Auth enhancements

2025-12-16 22:12:48 +01:00 · 2021-09-02 09:44:57 -04:00
parent 84ecc3cba7
commit 10126bb7ef
9 changed files with 269 additions and 39 deletions
--- a/salt/common/tools/sbin/so-user
+++ b/salt/common/tools/sbin/so-user
@@ -18,11 +18,17 @@

 source $(dirname $0)/so-common

+DEFAULT_ROLE=analyst
+
 if [[ $# -lt 1 || $# -gt 2 ]]; then
-  echo "Usage: $0 <list|add|update|enable|disable|validate|valemail|valpass> [email]"
+  echo "Usage: $0 <operation> [email] [role]"
+  echo ""
+  echo " where <operation> is one of the following:"
  echo ""
  echo "     list: Lists all user email addresses currently defined in the identity system"
  echo "      add: Adds a new user to the identity system; requires 'email' parameter"
+  echo "  addrole: Grants a role to an existing user; requires 'email' and 'role' parameters"
+  echo "  delrole: Removes a role from an existing user; requires 'email' and 'role' parameters"
  echo "   update: Updates a user's password; requires 'email' parameter"
  echo "   enable: Enables a user; requires 'email' parameter"
  echo "  disable: Disables a user; requires 'email' parameter"
@@ -36,6 +42,7 @@ fi

 operation=$1
 email=$2
+role=$3

 kratosUrl=${KRATOS_URL:-http://127.0.0.1:4434}
 databasePath=${KRATOS_DB_PATH:-/opt/so/conf/kratos/db/db.sqlite}
@@ -138,10 +145,9 @@ function updatePassword() {

 function createElasticFile() {
  filename=$1
-  tmpFile=${filename}
-  truncate -s 0 "$tmpFile"
-  chmod 600 "$tmpFile"
-  chown "${esUID}:${esGID}" "$tmpFile"
+  truncate -s 0 "$filename"
+  chmod 600 "$filename"
+  chown "${esUID}:${esGID}" "$filename"
 }

 function syncElasticSystemUser() {
@@ -174,28 +180,15 @@ function syncElasticSystemRole() {
 function syncElastic() {
  echo "Syncing users between SOC and Elastic..."
  usersTmpFile="${elasticUsersFile}.tmp"
-  rolesTmpFile="${elasticRolesFile}.tmp"
  createElasticFile "${usersTmpFile}"
-  createElasticFile "${rolesTmpFile}"

  authPillarJson=$(lookup_salt_value "auth" "elasticsearch" "pillar" "json")

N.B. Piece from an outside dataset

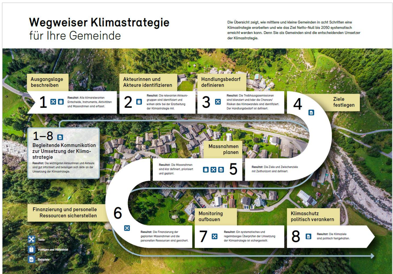
Abbildung 1: Wegweiser Klimastrategie

Hilfsmittel: Die Gemeinde Ostermundigen will bei der Erarbeitung der Energie- und Klimastrategie vorhandenes Wissen anderer Gemeinden, Vorlagen und finanzielle Unterstützung von Bund und Kanton möglichst umfassend nutzen. Angedacht ist, den erwähnten «Wegweiser Klimastrategie für Gemeinden» der Bundesämter für Umwelt und Energie als Leitfaden für die Erarbeitung der Energie- und Klimastrategie zu verwenden. Die einzelnen Schritte sind in untenstehender Abb. 1 kurz erklärt.

  syncElasticSystemUser "$authPillarJson" "so_elastic_user"  "$usersTmpFile"
-  syncElasticSystemRole "$authPillarJson" "so_elastic_user"  "superuser" "$rolesTmpFile"
-
  syncElasticSystemUser "$authPillarJson" "so_kibana_user"   "$usersTmpFile"
-  syncElasticSystemRole "$authPillarJson" "so_kibana_user"   "superuser" "$rolesTmpFile"
-
  syncElasticSystemUser "$authPillarJson" "so_logstash_user" "$usersTmpFile"
-  syncElasticSystemRole "$authPillarJson" "so_logstash_user" "superuser" "$rolesTmpFile"
-
  syncElasticSystemUser "$authPillarJson" "so_beats_user"    "$usersTmpFile"
-  syncElasticSystemRole "$authPillarJson" "so_beats_user"    "superuser" "$rolesTmpFile"
-
  syncElasticSystemUser "$authPillarJson" "so_monitor_user"  "$usersTmpFile"
-  syncElasticSystemRole "$authPillarJson" "so_monitor_user"  "remote_monitoring_collector" "$rolesTmpFile"
-  syncElasticSystemRole "$authPillarJson" "so_monitor_user"  "remote_monitoring_agent" "$rolesTmpFile"
-  syncElasticSystemRole "$authPillarJson" "so_monitor_user"  "monitoring_user" "$rolesTmpFile"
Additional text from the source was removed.